● Action item
The material beneath this line should be printed exactly, with its pictures omitted.
*** Opening of Data shown ***
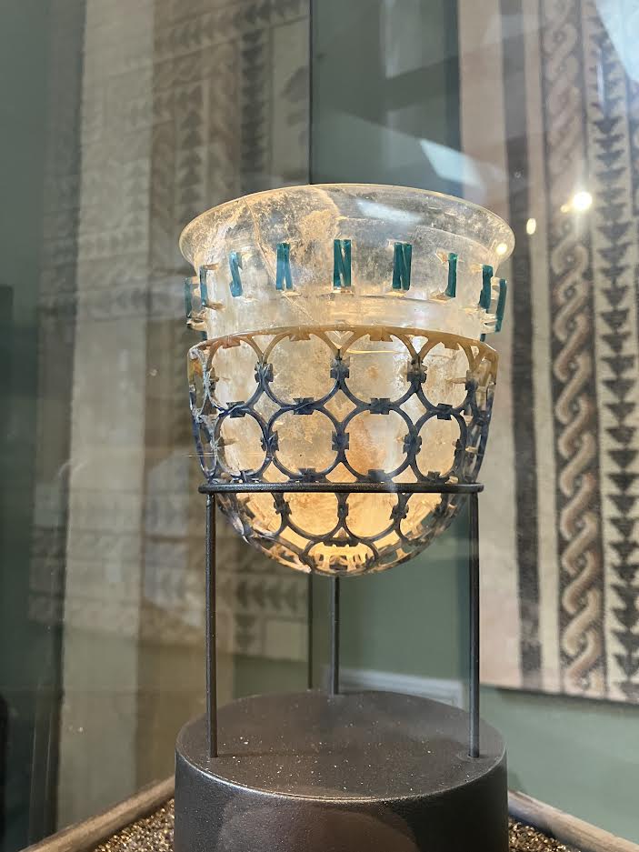 周りのすべて装飾含めてすべてがガラス。世界で最も美しい古代ガラスのひとつといわれる、1600年前のワイングラス
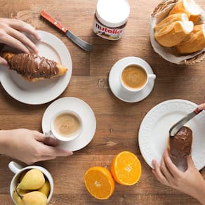 Comece o dia com Nutella Nutella está nas mesas de café da manhã de milhões de pessoas ao redor do mundo há mais de 50 anos, espalhando bons momentos para começar o dia. Uma fatia de pão com Nutella tem um gosto delicioso. Graças à nossa receita única e incomparável, Nutella tornou-se o mais popular e icônico creme de avelã do mundo.
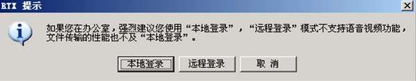 4. 如果您在局域网内使用“远程登录”时,将弹出善意提示窗口,提醒您是在局域内部,是否使用远程登录。
*** Close of Data shown ***
● Solution
 周りのすべて装飾含めてすべてがガラス。世界で最も美しい古代ガラスのひとつといわれる、1600年前のワイングラス
 Comece o dia com Nutella Nutella está nas mesas de café da manhã de milhões de pessoas ao redor do mundo há mais de 50 anos, espalhando bons momentos para começar o dia. Uma fatia de pão com Nutella tem um gosto delicioso. Graças à nossa receita única e incomparável, Nutella tornou-se o mais popular e icônico creme de avelã do mundo.
 4. 如果您在局域网内使用“远程登录”时,将弹出善意提示窗口,提醒您是在局域内部,是否使用远程登录。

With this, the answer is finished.